Alan Sepinwall's review for HitFix was highly positive, praising the storylines as well as the episode's overall balance of comedy and drama, writing "If “Shameless” wanted to function just on the level of a sick joke, it would still be wildly entertaining. But what makes the show special – and what's made these early episodes of the new season feel particularly strong – is the way it marries the twisted comedy to some genuine emotion. [...] That Shameless can shift seamlessly between those two moods is damned impressive."
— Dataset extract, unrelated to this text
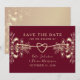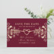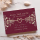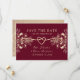 Romantisk burgunder och guld blommig spara datum-kort, perfekt för hösthöllpningar. Eleganta chinoiserieblommor och tidlös kalligrafi gör detta idealiskt för oktober eller hösthöllpningar.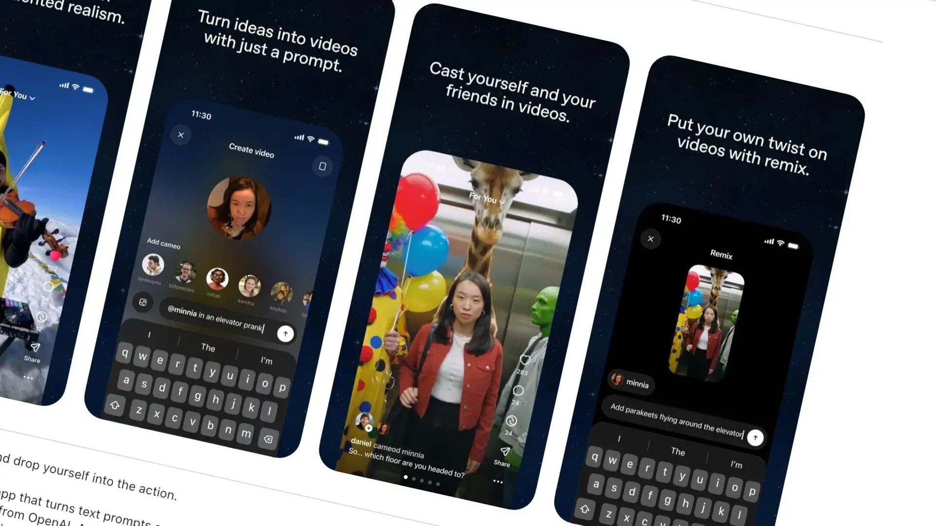 The Sora iOS app lets you create, remix, and drop yourself into scenes via Cameos after a short, on-device verification capture of your face/voice.

David Crow of Den of Geek praised the delicate handling of the episode's sexual themes and content: "This week’s show is hands down the most irreverent and entertaining Shameless has been in a while. It constructs many subplots, even a few I didn’t detail, into one quirky tale of sex and double standards. [...] The whole episode handles the questions of sexuality from the young pre-pubescent on through failed marriages and does so with a sly wink and a middle finger." Leigh Raines of TV Fanatic gave the episode a 4.5 star rating out of 5 and particularly highlighted Frank's storyline: "It's amazing that in an episode with pedophiles, multiple perverts, crazy lying ex-wives and a violent homophobic teen, that Frank still manages to outshine everyone with his despicable behavior."